Distraction - Bruce Sterling [60]
“What a horrible thing to say.”
“We could do it, all right. Especially if you weighed in with us, if you’d let us advise you and help you. My krewe and I, we took an architect who had five percent approval ratings and we made him Senator from Massachusetts. Your sad little fishbowl has never seen people like us.”
“Well …” She sighed. “I’ll have to think about it.”
“Good. You do that. I’ll be gone for a while. Washington, Boston.… Give the subject some serious thought.” His stomach rumbled. “After all that ranting, I’m not a bit sleepy. Are you sleepy?”
“God, no.”
“I’m starving. Let’s go get something to eat.
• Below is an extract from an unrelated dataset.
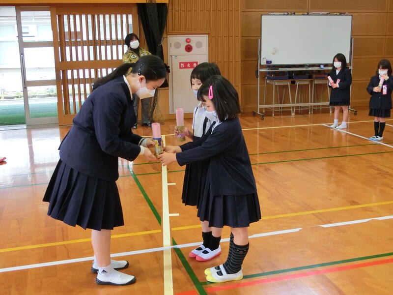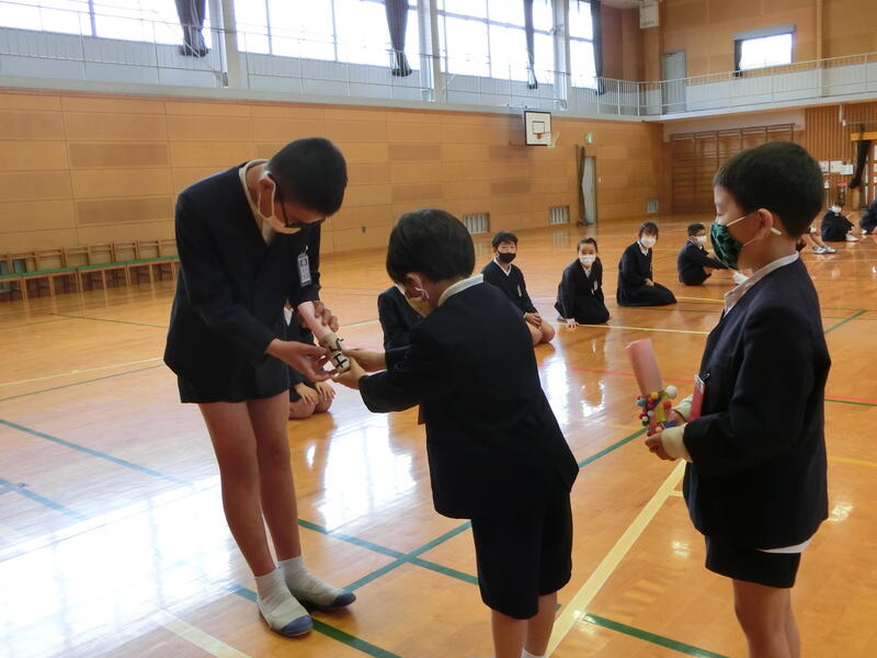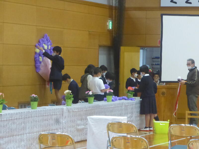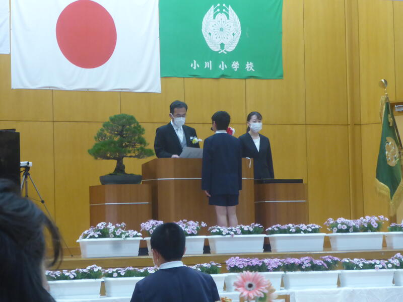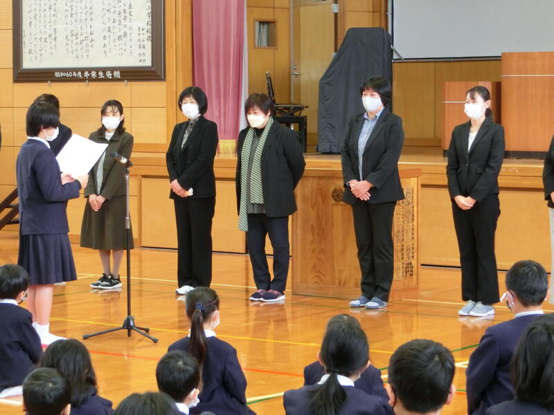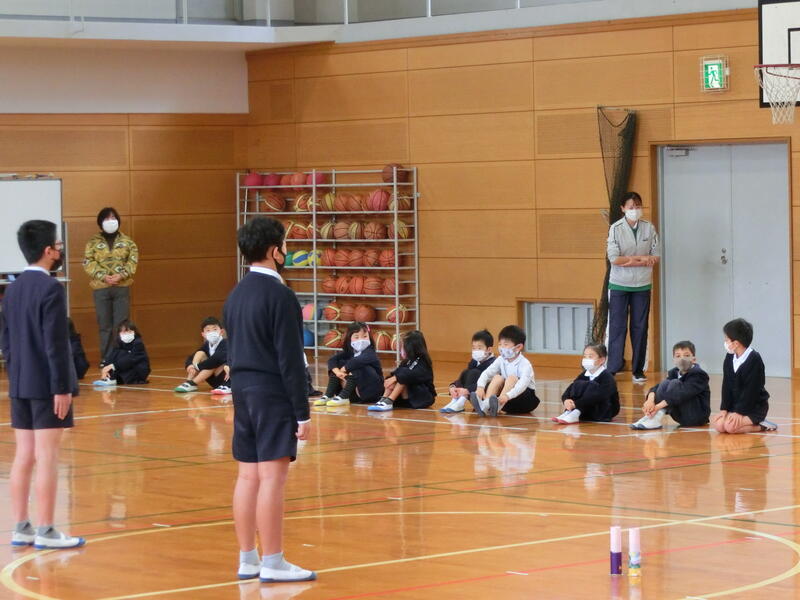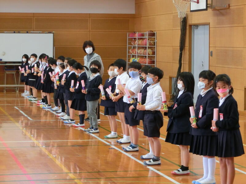 感染防止対策を行い、体育館で集合して実施しました。1年間の成長が伺える集合の仕方、話の聞き方、返事でした。集合して行うと、上学年や互いの姿を見て、学び合うことができます。1年のまとめにふさわしい式となりました。

You brought a car, right?”
“It’s a junker car. Internal combustion.”
“It’ll get us into a real town. I’ll take you out tonight. We’ll go out somewhere, we’ll paint the town together.”
“Are you nuts? You can’t do that. Crazy people are trying to kill you.”
He waved a hand. “Oh, who cares? We can’t live that way. What’s the use? Anyway, the risk is minimal here. It would take a major-league intelligence operation to track us down here in this dump. I’m much safer at some random restaurant than I’ll be in Washington or Boston. This is our only night together. Let’s be brave. Let’s find the nerve to be happy.”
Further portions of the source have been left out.